Apache and mod_rewrite

The mod_rewrite module provides a very helpful, very powerful tool for the administration of web sites. As the name implies, it provides a mechanism to rewrite URLs. Here are a few examples where mod_rewrite comes in handy:

• client redesigns their web site and the programming framework uses different URLs than the previous site but the client needs to maintain "friendly" top-level links, such as http://www.client.com/products and http://www.client.com/support
• client removes a lot of content and would like to use a generic "not found" page to inform the user instead of a regular "404 Not found" page
  
• restrict access to certain content based on an environment variable
  
• set a cookie based on the URL
  
• the client has SSL certificates installed on the web server (not the load balancers) and needs to do redirects to HTTPs for certain pages, additionally, they would like to do this in Apache instead of processing the request with the more heavy-weight Tomcat/Jboss/Weblogic app layer.

The manual for mod_rewrite is available online at http://httpd.apache.org/docs/2.0/mod/mod_rewrite.html and contains many examples.

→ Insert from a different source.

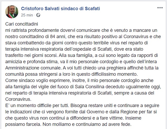 Questo quanto pubblicato dal Sindaco Salvati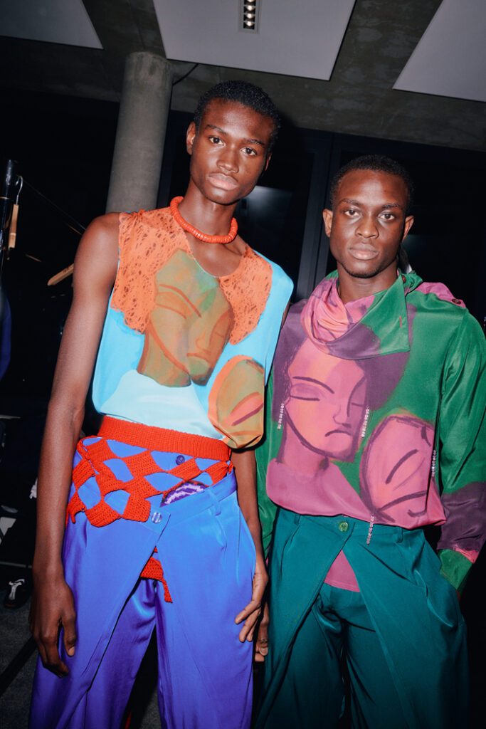 Die Kollektion sollte zugleich eine emotionale Hommage an den gesellschaftlichen Druck in Nigeria sein, wo Perfektion oft mit Wert gleichgesetzt wird – und an die Schönheit, diese Illusion zu durchbrechen. Das Label arbeitete bei den Designs mit einer Materialmischung aus Regenesis-Stoffen, handgewebtem Aso-Oke, Baumwolle und Wolle. Die Farbpalette zeigte sich lebendig und ausdrucksstark.

It is important to remember that the rewrite engine checks patterns first, then checks the condition(s) to see if the pattern should be applied. This is a little backwards from traditional thinking where conditions are checked before applying the logic associated with the conditions.
This example was taken from a client with the following requirements:

• a 3rd party site contains a link to a Opsource-managed web site
  
• any requests coming from the 3rd party site should be allowed through
  
• requests coming from the 3rd party site would be distinguished by a special URI string
  
• all other requests to the site should be denied

The following rewrite rules were put in place. Again, the RewriteRule is checked *before* the RewriteConds are checks. In this case, the RewriteRule is looking at ^.* which matches everything.:

RewriteEngine On
#RewriteLog "logs/tac_rewrite.log"
#RewriteLogLevel 4

RewriteCond %{HTTP_REFERER} !^https://www\.heisenbug\.cop/portal/site/index\.jsp
RewriteCond %{REQUEST_URI} !/286482b67b05ad585cfc99996f5158d7
RewriteCond %{HTTP_REFERER} !^http://www\.mysupersite\.cop.*
RewriteRule ^.* /denied/denied.html [L]

The "RewriteEngine On" simply turns on the rewrite processing engine. The Rewrite log directives specify a log that only the rewrite engine uses and the level of information printed in the log. The first RewriteCond rule checks the environment variable HTTP_REFERER, which is the referring web site, is not set to the 3rd party site. This variable is sent by the browser when you click a link on a page. The second RewriteCond rule checks that the special string is, again, not set in the URI. The third RewriteCond rule checks that the referer variable is not the Opsource-managed site itself. This is necessary for when the user clicks links on the Opsource-managed site.  If any of these conditions are true, the user is redirected to a denied page. The [L] at the end of the ReWriteRule means "stop processing any more rules, this is the last rule."

This seems counterintuitive but fulfills all our requirements because only traffic that comes from the 3rd party web site or contains the special URI string will not be redirected to the denied page, in effect, the proper resource will be delivered to the browser. It should be noted that the HTTP_REFERER and the URI string (used in this example) are easily faked and this should *not* be used as a means of securing a web site. The client was made fully aware of this and they opted for it since they only wanted to prevent "casual" browsing.